Where the line containing "ZN63(VS1)-12侧装式户内高压真空断路器" appears, begin retyping; continue exactly through the final line of the data. Omit every picture.

Task input Start Marker

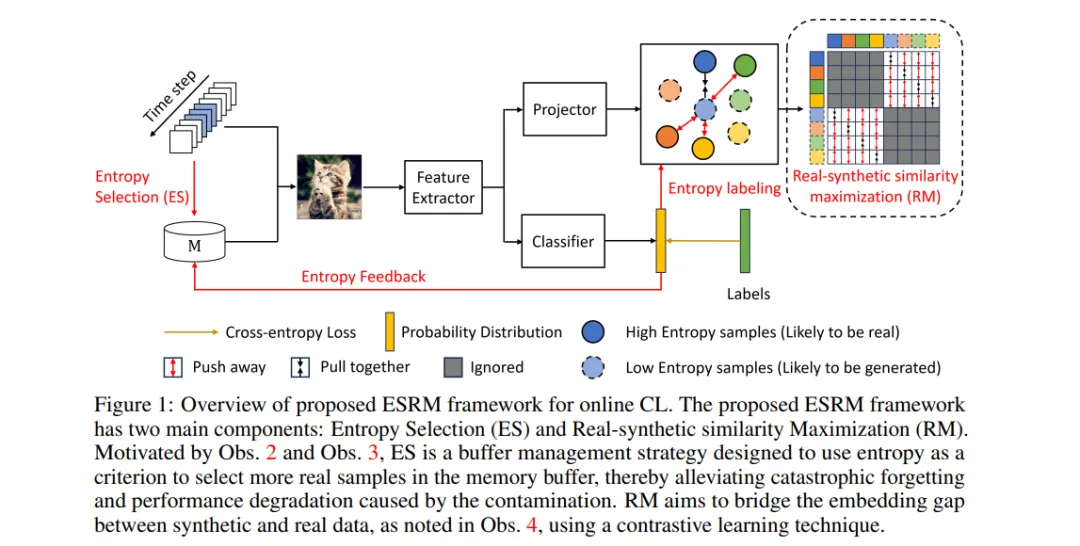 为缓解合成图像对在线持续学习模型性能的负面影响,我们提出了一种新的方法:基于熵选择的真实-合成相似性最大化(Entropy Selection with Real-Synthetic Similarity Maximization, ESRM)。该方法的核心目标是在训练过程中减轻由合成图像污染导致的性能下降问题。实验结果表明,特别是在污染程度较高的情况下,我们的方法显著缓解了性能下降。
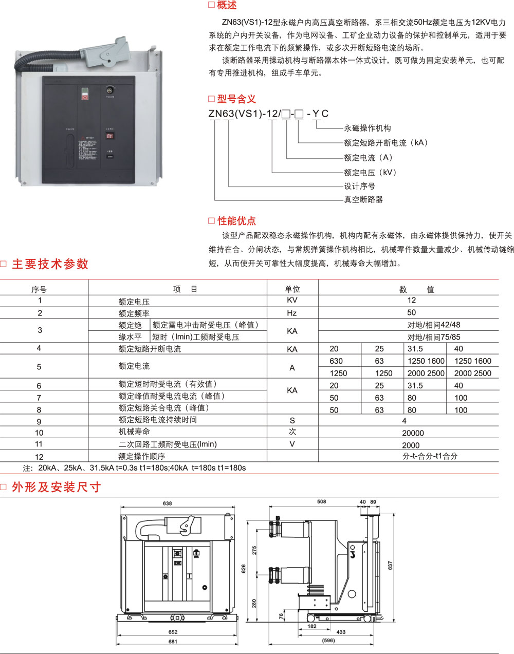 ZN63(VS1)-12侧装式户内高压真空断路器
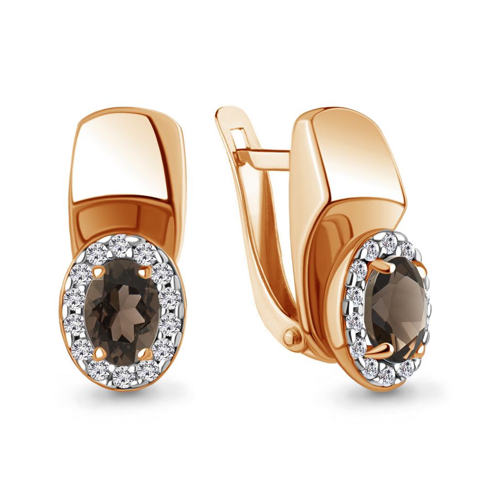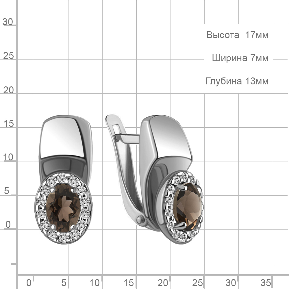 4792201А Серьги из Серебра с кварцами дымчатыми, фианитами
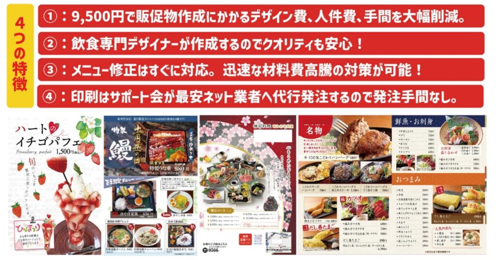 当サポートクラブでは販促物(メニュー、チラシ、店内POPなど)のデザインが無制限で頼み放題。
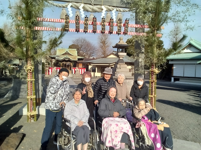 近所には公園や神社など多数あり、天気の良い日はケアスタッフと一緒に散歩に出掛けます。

Task input End Marker

### Solution to this task
 ZN63(VS1)-12侧装式户内高压真空断路器
 4792201А Серьги из Серебра с кварцами дымчатыми, фианитами
 当サポートクラブでは販促物(メニュー、チラシ、店内POPなど)のデザインが無制限で頼み放題。
 近所には公園や神社など多数あり、天気の良い日はケアスタッフと一緒に散歩に出掛けます。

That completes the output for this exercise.